Frankly I can't think of anything they've added since 2000 to windows (except better security) that was an improvement.
I occasionally have to use Windows for work and I really hate Windows 10, it's just a chore to deal with when you only boot it every couple of weeks just on the updates.
I think the 'seniors' amongst us may well welcome ReactOS together with those in small companies who run legacy industrial hardware from Windows PCs (depending on stability &c).

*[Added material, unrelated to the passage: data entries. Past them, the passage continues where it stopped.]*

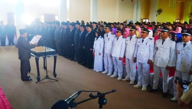 Taliwang, Fokus NTB – Sebanyak 277 Aparatus Sipil Negara ASN) lingkup Pemerintah Kabupaten Sumbawa Barat (KSB) dimutasi. Mutasi dipimpin langsung Bupati Sumbawa Barat, Dr. Ir. H. W Musyafirin, M.M yang dilaksanakan di Aula Gedung Graha Praja, Senin pagi (7/01/20). Mutasi di awal tahun 2020 menyasar 14 Jabatan Pimpinan Tinggi (JPT) Pratama, 68 Administrator dan 195 Pengawas. Dari mutasi ini, ada pejabat yang di promosi atau naik jabatan, yakni tiga orang di tataran JPT Pratama, 16 jabatan Administrator dan 37 jabatan Pengawas. Sisanya dilantik karena pergesaran dan pengukuhan karena adanya perubahan nomenklatur atau nama baru OPD.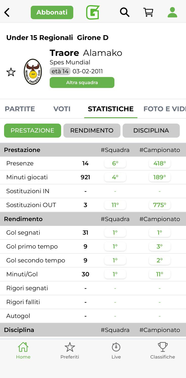 Dati, statistiche, profili giocatore, panoramica squadra, Top 5+1 e molto altro ancora: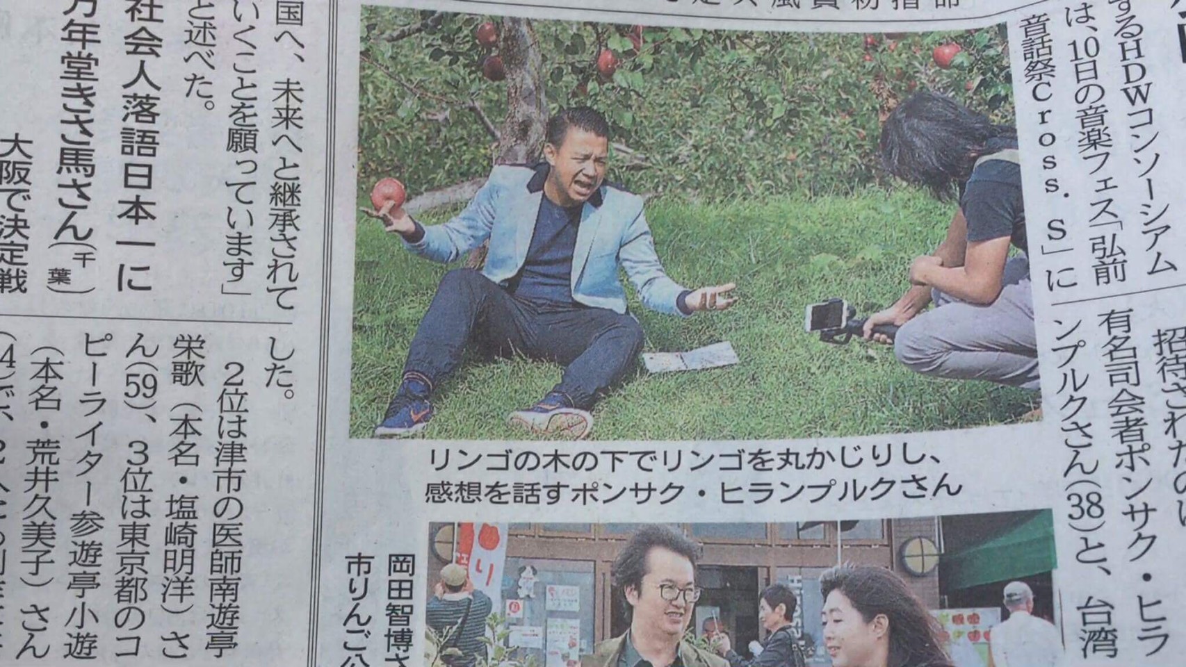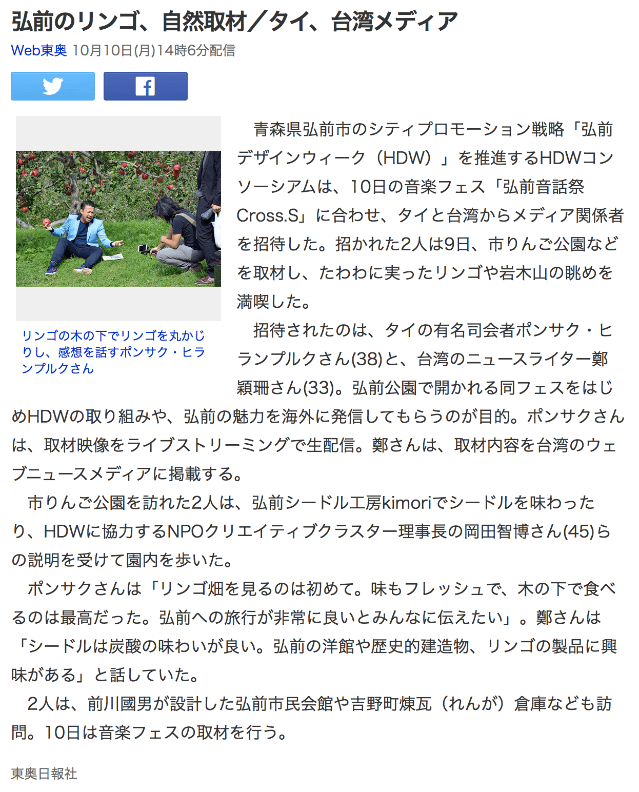 “พิธีกรชื่อดังของไทยกับเหล่านักเขียนชาวไต้หวันได้เดินทางไปทำข่าวเกี่ยวกับแอปเปิ้ลที่สวนฮิโรซากิ และงาน Hirosaki Design Week โดยพูดถึง พงซากุ หิรัญปุรุกุ-ซัง (คุณพงศ์สุข หิรัญพฤกษ์) ว่าเขากำลังกล่าวถึงแอปเปิ้ลของสวนแอปเปิ้ลนี้ว่ามีรสชาติมันสดชื่นมากๆ และการได้กินแอบเปิ้ลใต้ต้นมันนี่สุโค่ยจริง ๆ จึงอยากเล่าเรื่องดี ๆ นี้ให้ทุกคนฟัง
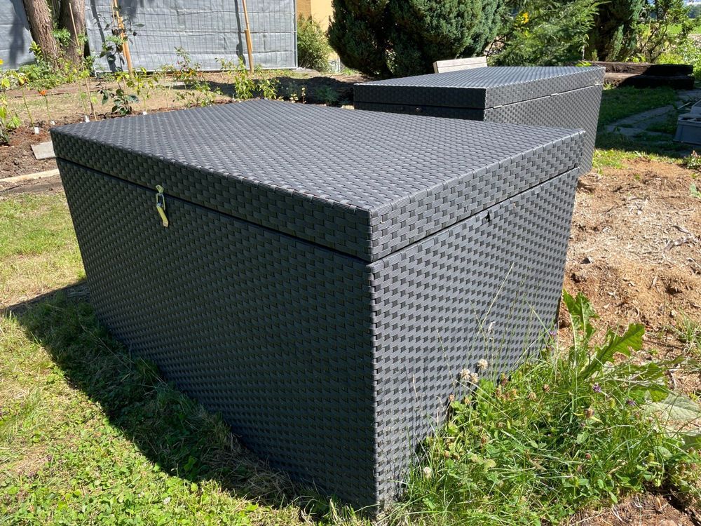Das wasserdichte Innenfutter schützt deine Kissen und Gartenutensilien vor Regen und Feuchtigkeit. Die L-förmigen Kunststofffüße halten Feuchtigkeit und Insekten fern. Mit 95x60x58cm passt die Box perfekt in jede Ecke und macht deinen Außenbereich sofort aufgeräumter und gemütlicher!

Given Microsoft's mostly successful effort to make Windows more friendly to the user, I find it hard to believe any of these people have extensive experience with Windows 7+
I find that Windows 2000 has the best support for keyboard users among GUIs. Better that MacOS, better than all the incarnations of Gnome/KDE, better that the following releases of Windows, that "forgot" about the keyboard and focused on other input systems.
You can see that in many small things, like sane keybindings and reasonable sequence for selection through tabs (for example, going from the path bar on the top to the folder content requires two tabs in Windows 2000 but four in Windows 7, unless one does some find tuninng of the UI).
The "mostly successful efforts" you speak of seem to have been focused on delivering ads, TOS-backed spyware and those weird Metro apps. The result is certainly simpler from a strictly visual standpoint, but more usable is something that I wouldn't be too willing to concede without some data (and I don't mean install data/user base, given how Microsoft's customers don't have much of a choice in this department). Frankly, I don't see how the weird start menu or having both the Control Panel and some weird Settings thing help with usability, but UX is a surprising field, I guess.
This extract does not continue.